Неисповедимы пути твои Господи. И зачем я только вновь поглядел на Шаман-гору? С одной комсомольско- молодёжной стройки попал на другую, где, возможно, в ударном труде преждевременно окончу дни свои.

Глава 2. МОЙ АДРЕС: АМУРЛАГ

Выгодное это дело – строить светлое будущее за счёт дармового труда деклассированного элемента. Госхозяй- ству прибыток, и неугодные власти людишки под присмотром. Глядя на всё, что происходит вокруг, я поневоле стал подумывать, что построение коммунизма в отдельно взятом государстве всё же возможно. Но под неусыпным оком умных вождей и на территории, многократно опутанной колючей проволокой и окружённой частоколом штыков. Это для того чтобы, не дай Бог, какой-нибудь ополоумевший от коммунистического счастья не вздумал сбежать.

Ещё при посадке на баржу более опытный комбриг толкнул меня в плечо:

– Не вздумайте в закутках жаться. Обосновываемся под самыми люками.

Лишь позже я смог оценить его совет. В трюмах раскалённой на солнце посудине стояла такая духота, что всем арестантам пришлось раздеваться чуть ли не догола. Но и это не самое страшное. Катастрофически не хватало воздуха.
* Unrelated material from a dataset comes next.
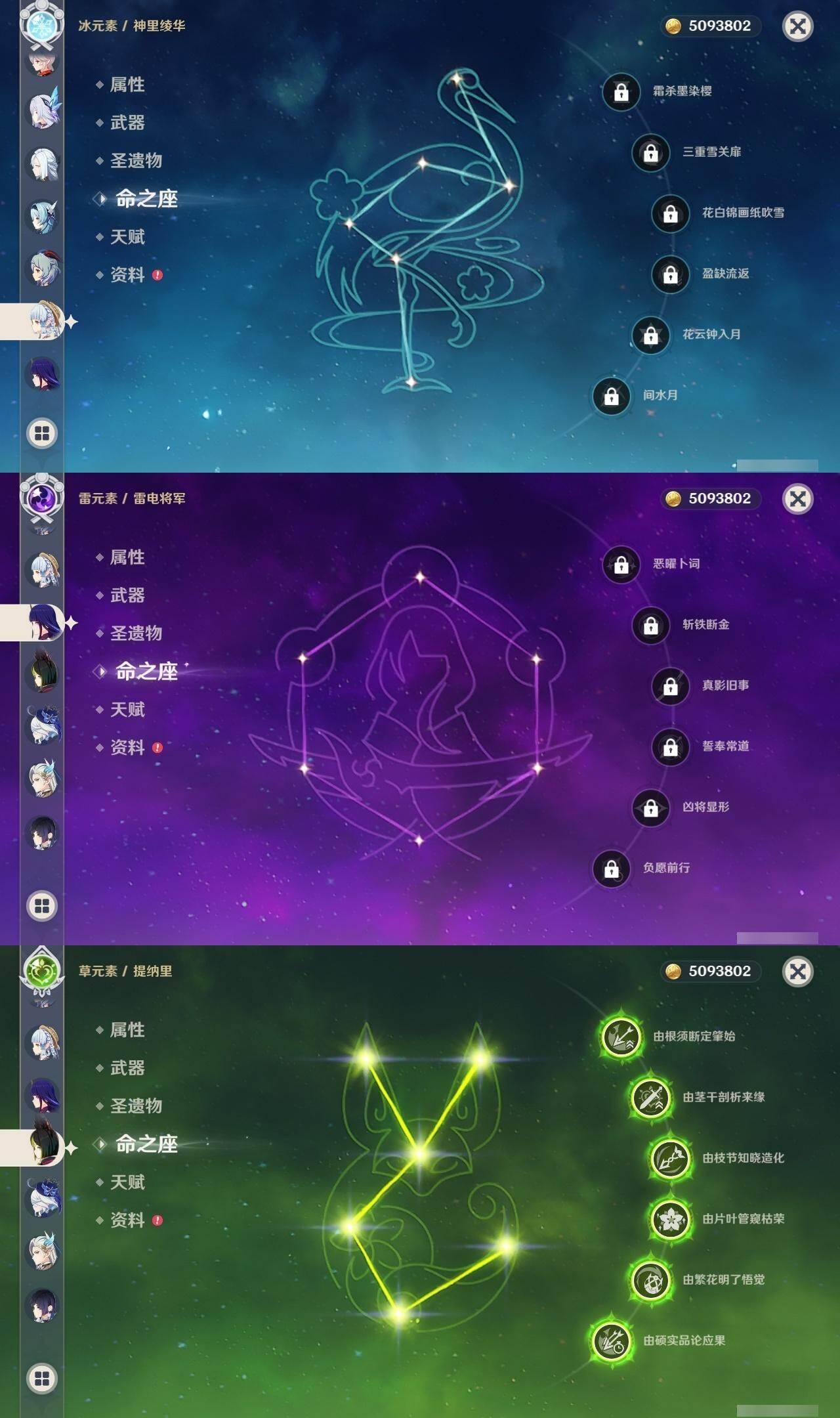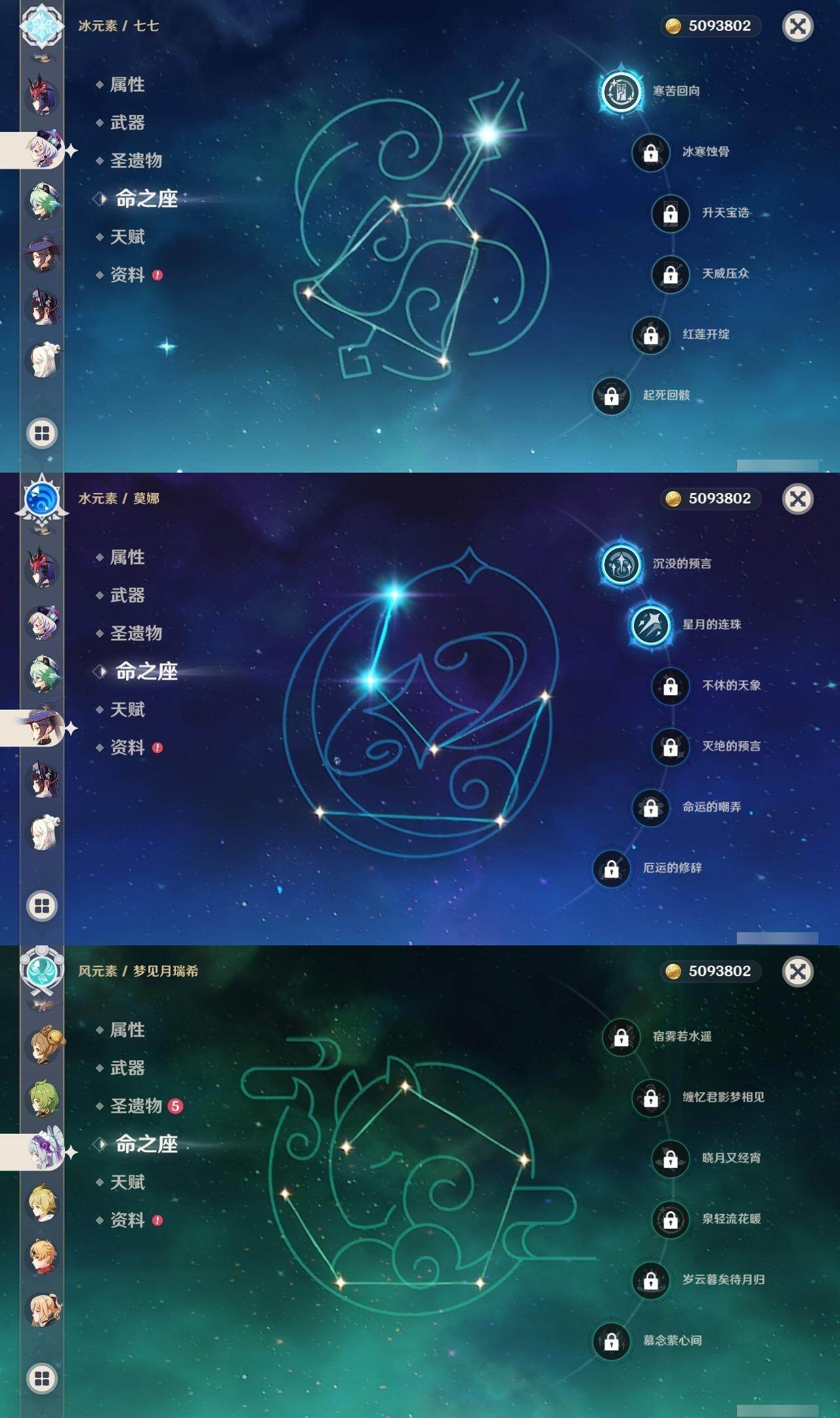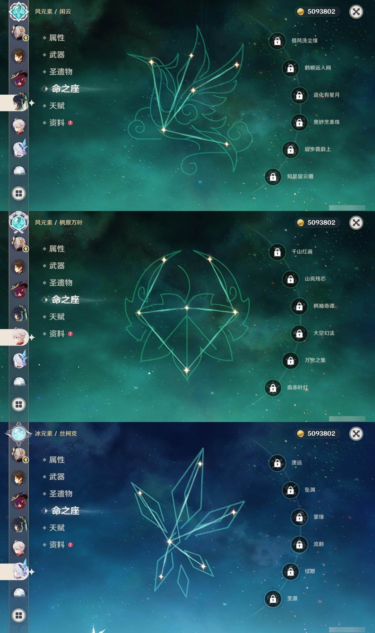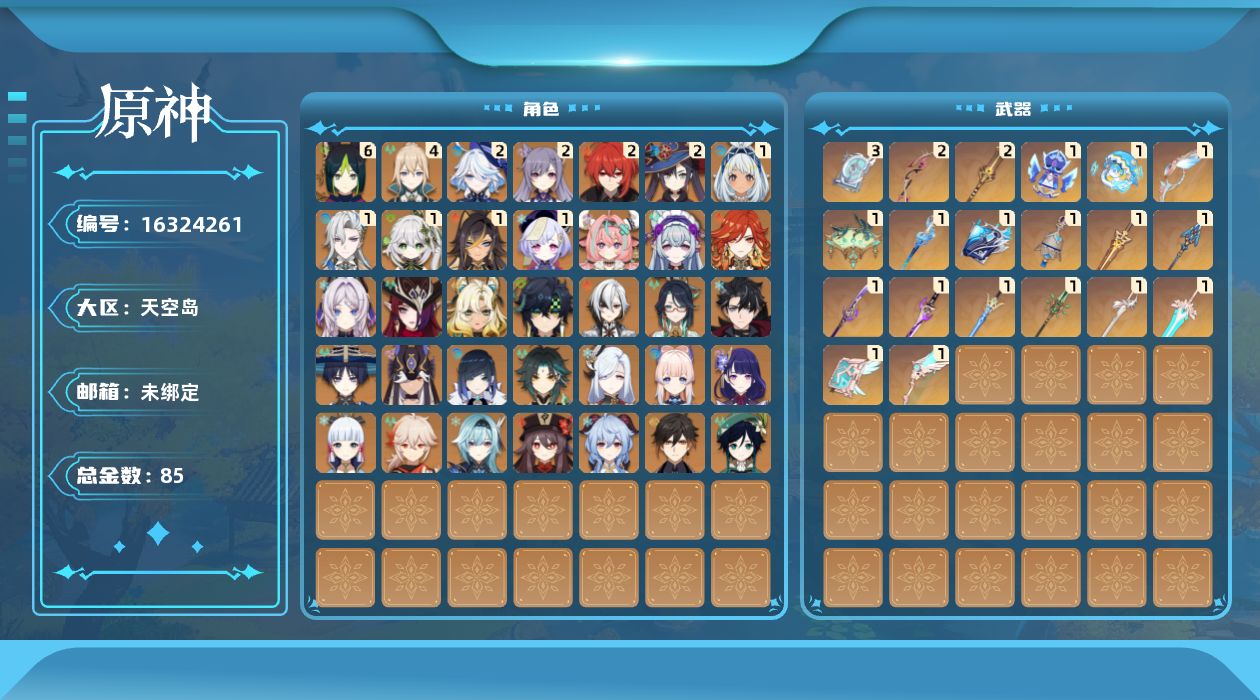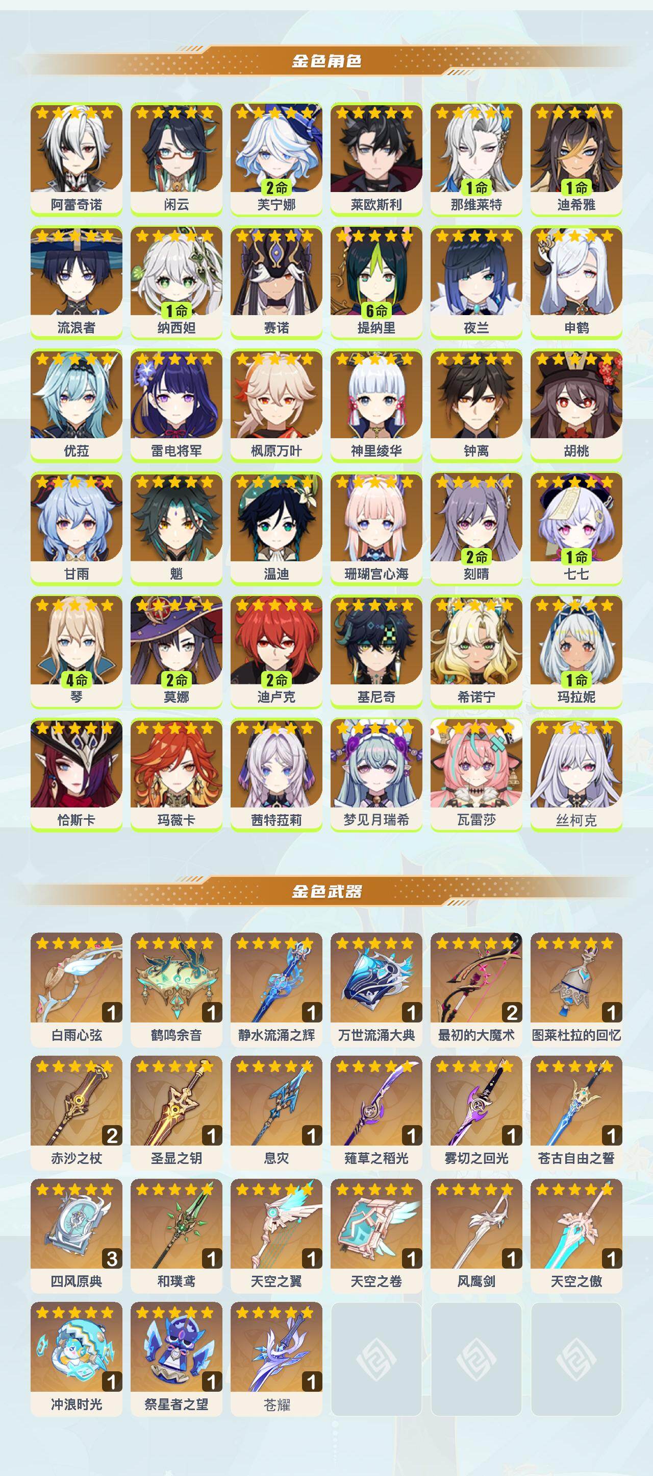 0命阿蕾奇诺,0命闲云,2命芙宁娜,0命莱欧斯利,1命那维莱特,1命迪希雅,0命流浪者,1命纳西妲,0命赛诺,满命提纳里,0命夜兰,0命申鹤,0命优菈,0命雷电将军,0命枫原万叶,0命神里绫华,0命钟离,0命胡桃,0命甘雨,0命魈,0命温迪,0命珊瑚宫心海,2命刻晴,1命七七,4命琴,2命莫娜,2命迪卢克,0命基尼奇,0命希诺宁,1命玛拉妮,0命恰斯卡,0命玛薇卡,0命茜特菈莉,0命梦见月瑞希,0命瓦雷莎,0命丝柯克,精1白雨心弦,精1鹤鸣余音,精1静水流涌之辉,精1万世流涌大典,精2最初的大魔术,精1图莱杜拉的回忆,精2赤沙之杖,精1圣显之钥,精1息灾,精1薙草之稻光,精1雾切之回光,精1苍古自由之誓,精3四风原典,精1和璞鸢,精1天空之翼,精1天空之卷,精1风鹰剑,精1天空之傲,精1冲浪时光,精1祭星者之望,精1苍耀

– Что же вы творите! Люди вы или нет? – неслись крики осуждённых.

В ответ слышалось:

– Мы-то люди, а вот вы – враги народа.

Мне всегда было непонятно стремление неудовлетворённых в своих амбициях людей к садисткой жестокости. Может, таким образом они тешат своё извращённое самолюбие? Вот вы там, мол, все шибко умные да бывшие генералы, а нам этого не дано, зато мы вас всех к ногтю. А где же любовь к ближнему? Где сострадание к страждущему? Всё-таки велик в человеке дух уничтожения и жестокости.

Когда задыхающиеся люди стали терять сознание, начальник конвоя сжалился и приказал выводить наверх небольшие партии заключённых, чтобы глотнули свежего воздуха. Но, до нас очередь не успела дойти.

Когда проветривалась третья или четвёртая партия, наверху раздались встревоженные крики и забухали выстрелы.

– Вот идиоты, – проскрипел зубами комбриг. – Никак, побег удумали, стервецы.

Прогремело ещё несколько выстрелов, затем всё утихло.

– Я в тайге белке в глаз бью, а тут и целиться-то не надо, – раздался сквозь открытый люк самодовольный голос.

Через мгновение, подгоняемые прикладами, вниз скатились оставшиеся в живых два человека.

– Задраить люки! – послышалась команда. – Эти скоты гуманного отношения не понимают.

– Что там случилось? – посыпались вопросы.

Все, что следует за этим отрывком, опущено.